**Work required:**
Look below for the line containing "73268836 Villach Kaernten", then write out that line and every line after it to the end, exactly, minus the pictures.

BEGIN Material for this task

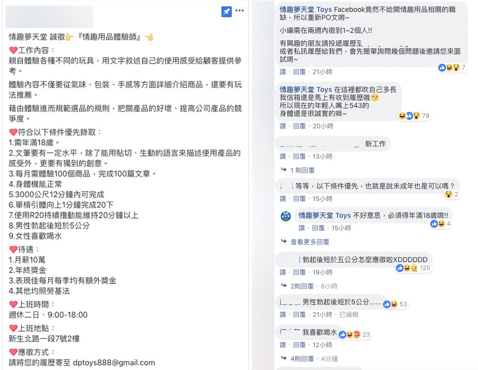 臉書粉絲專頁有一篇誠徵「情趣用品體驗師」的貼文,工作內容為「親自體驗各種不同的玩具,用文字敘述自己的使用感受給顧客提供參考。體驗內容不僅要從氣味、包裝、手感等方面詳細介紹商品,還要有玩法推薦。藉由體驗進而規範選品的規則,把關產品的好壞、提高公司產品的競爭度。」
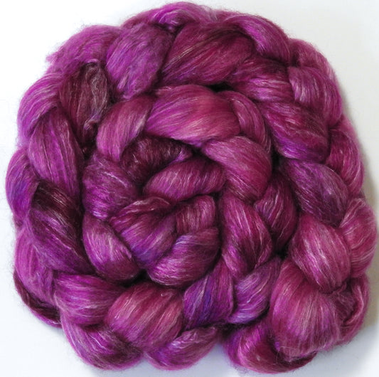 Dragonfruit (5.6 oz) - Batt in a Braid #52- Wensleydale/ Mulberry silk/ Polwarth (60/25/15)
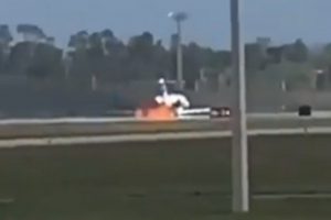 Một máy bay hạng nhẹ chở theo hai người bốc cháy trên đường băng khi
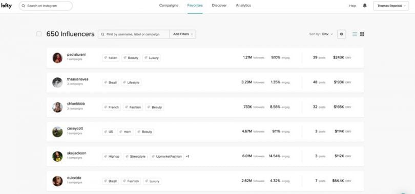 Lefty launched as a not-fully-formed platform, but our last look at it showed it was still very much a solid entry into the marketplace of Marketplaces. It took the basics further than many did: It had the ability to retrieve and track Instagram stories, which was a big deal at the time. It’s still a big deal, but Lefty was one of the first to do it. Its database of influencers wasn’t restricted just to those who’ve signed up for Lefty accounts. Like a true discovery tool, Lefty’s influencers are found by algorithms that comb through Instagram, indexing all the accounts that meet the minimum reach of 3,500 followers. This data is monitored and updated in real time, and their AI engine categorises the content and indexes the profiles of one million influencers and counting.
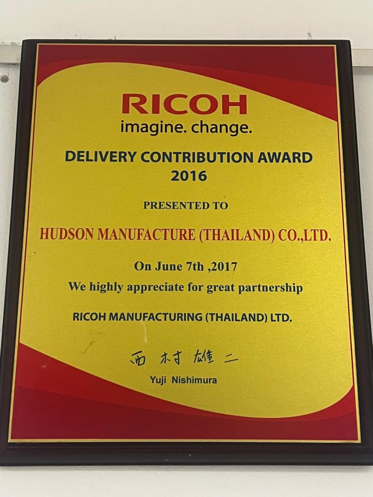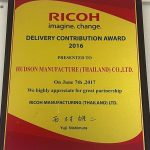 2017年:THAI HUDSON公司受到RICOH(THAI) 公司2016年度交期贡献奖;
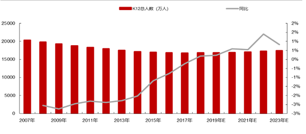 人口基数:适龄学生体量大,但增量对行业规模影响较小
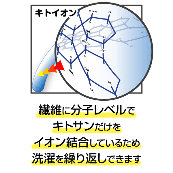 カニやエビの甲羅からとれる、優れた抗菌作用のあるキトサンを分子レベルでイオン結合させた技術で作られた「キト抗菌」のおしゃれ服。洗濯を繰り返しても、抗菌防臭効果をずっとキープします。さらに100%天然由来で、お肌にもやさしいです。
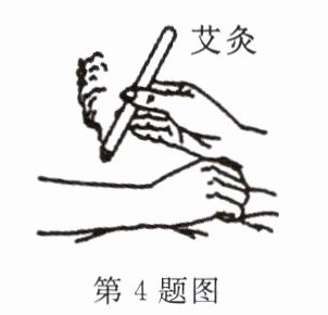 4. [传统文化]如图所示,“艾灸”是用点燃艾条产生的热刺激人体穴位,达到理疗效果的一种中医疗法。“艾灸”是通过
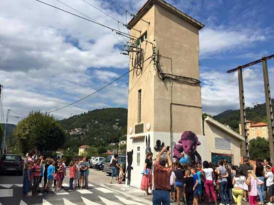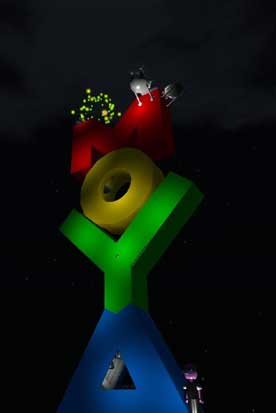 la poser au sommet de la Moya Tower puisque le thème du festival
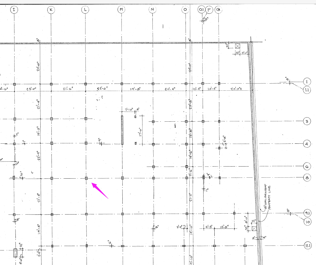计算分析时选取轴线8与轴线L交点对应节点(见图1)。图2给出了楼层平面布置。混凝土28天圆柱体强度标准值为3000 psi(21 MPa),板厚为8英寸(203.2 mm),板底钢筋为 #4(0.5英寸, 12.7 mm)。柱截面尺寸为14×18英寸(355.6×457.2 mm),保护层厚度取3/4英寸(19.05 mm)。
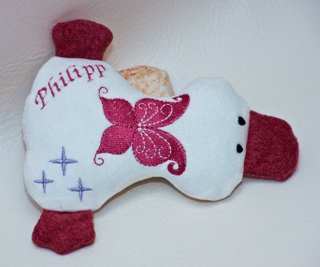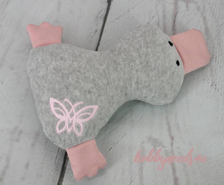 Entchen Stickerei Schmetterling grau rosa
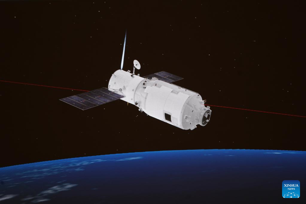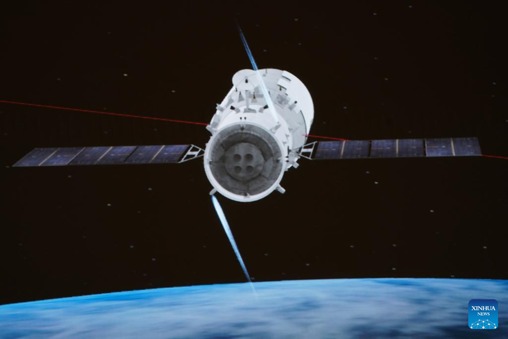 Photo taken at Beijing Aerospace Control Center on March 31, 2022 shows a simulation image of the Tianzhou-2 cargo craft. China's Tianzhou-2 cargo craft entered the Earth's atmosphere under ground control at 6:40 p.m. Beijing Time, the China Manned Space Agency announced on Thursday. Most of the spacecraft burned up during the process, while a small amount of the debris fell into the intended area of safe water in the South Pacific, said the agency. (Xinhua/Guo Zhongzheng)
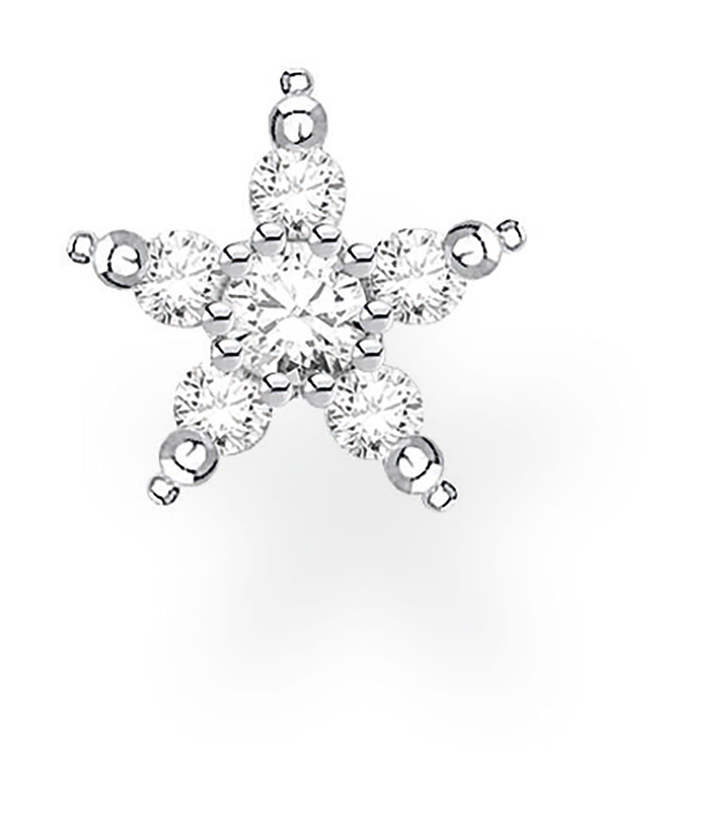 Thomas Sabo korvakoru H2134-051-14 on yksittäinen tappikiinnitteinen korvakoru, jossa on zirkonioilla koristeltu tähti. Koru on valmistettu laadukkaasta sterling-hopeasta. Thomas Sabo-korut toimitetaan valmistajan alkuperäisessä pakkauksessa.
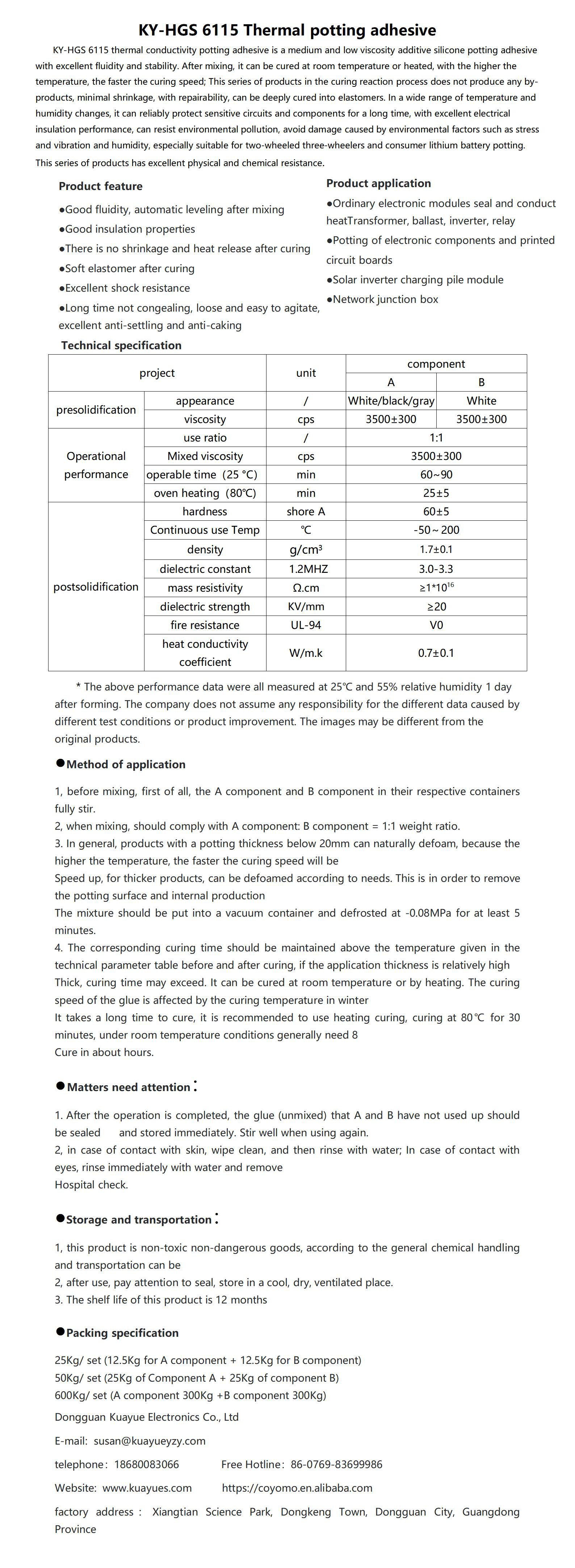 KY-HGS 6115 Thermal potting adhesive
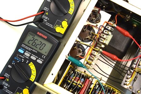 電源トランスの高圧出力です。AC286.1V出ています。良好です。
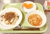 今日は、キムチチャーハン、いかシュウマイ、えのきとチンゲン菜のスープ、牛乳です。...
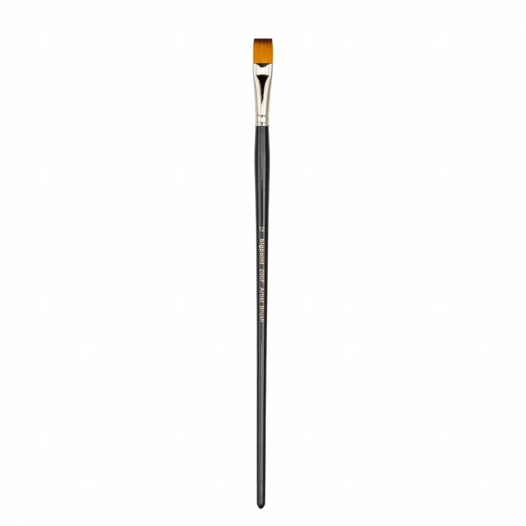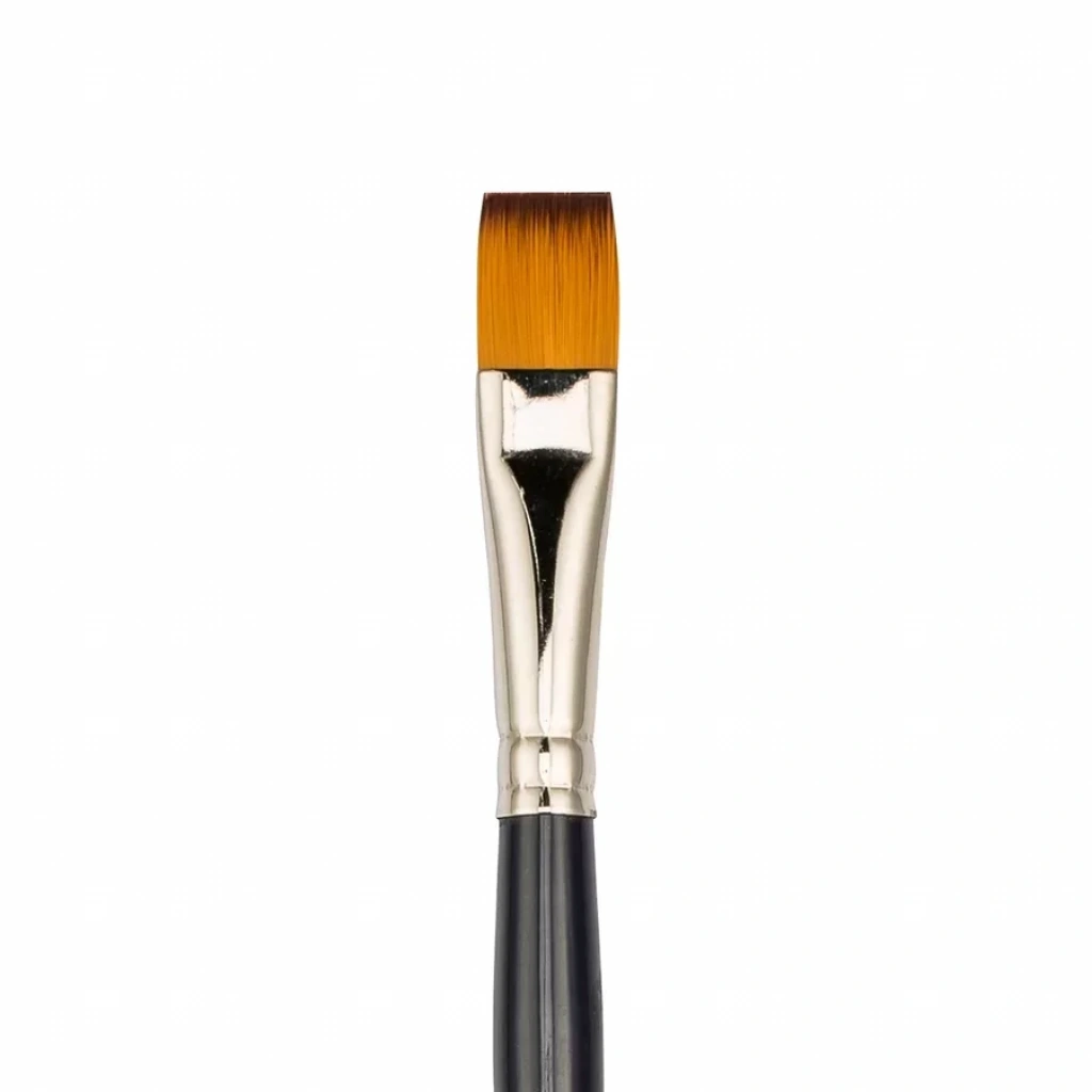 200F Serisi Sentetik Kıl Düz Kesik/Yassı Fırça Numara: 12 Kaliteli golden with brown tip(altın renkli, kahverenkli uçlu) sentetik kıldan üretilmiştir. Yağlı boya ve akrilik boya için idealdir. Fırça kılı ile vernikli uzun siyah ahşap sapı birleştiren kısım nikel kaplamalı pirinçten yapılmıştır.
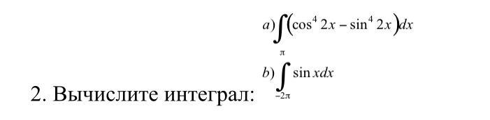 \displaystyle \int\limits^\pi _{-2\pi } {sinx}*dx=-cosx\bigg|^{\pi }_{-2\pi }=-(cos\pi -cos(-2\pi ))=-(-1-1)=2
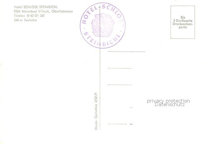 73268836 Villach Kaernten Hotel Schloss Steinbichl postalisch nicht gelaufen Erhaltung siehe scans [KathaD81] KatCode: 11390211020201
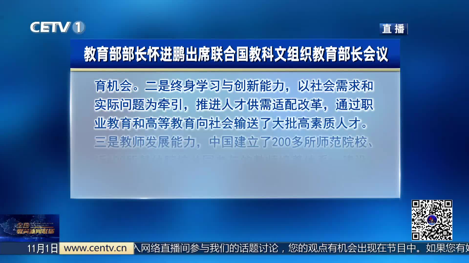 近日,联合国教科文组织第43届大会在乌兹别克斯坦撒马尔罕举行。当地时间10月31日,教育部部长怀进鹏出席大会期间举办的教育部长会议并发言。
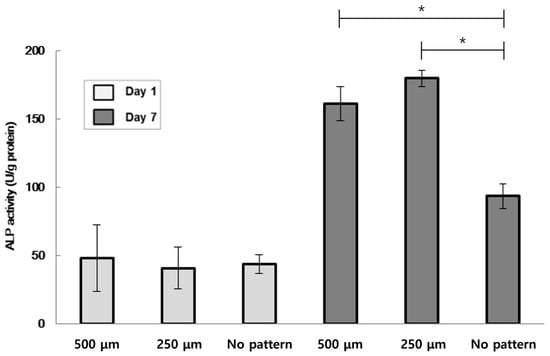 ALP activity of the W-20-17 cell-laden patterns (Each value represents the mean ± SD (n = 5, * donates significant difference (p < 0.05)).

END Material for this task

**Solved problem:**
 73268836 Villach Kaernten Hotel Schloss Steinbichl postalisch nicht gelaufen Erhaltung siehe scans [KathaD81] KatCode: 11390211020201
 近日,联合国教科文组织第43届大会在乌兹别克斯坦撒马尔罕举行。当地时间10月31日,教育部部长怀进鹏出席大会期间举办的教育部长会议并发言。
 ALP activity of the W-20-17 cell-laden patterns (Each value represents the mean ± SD (n = 5, * donates significant difference (p < 0.05)).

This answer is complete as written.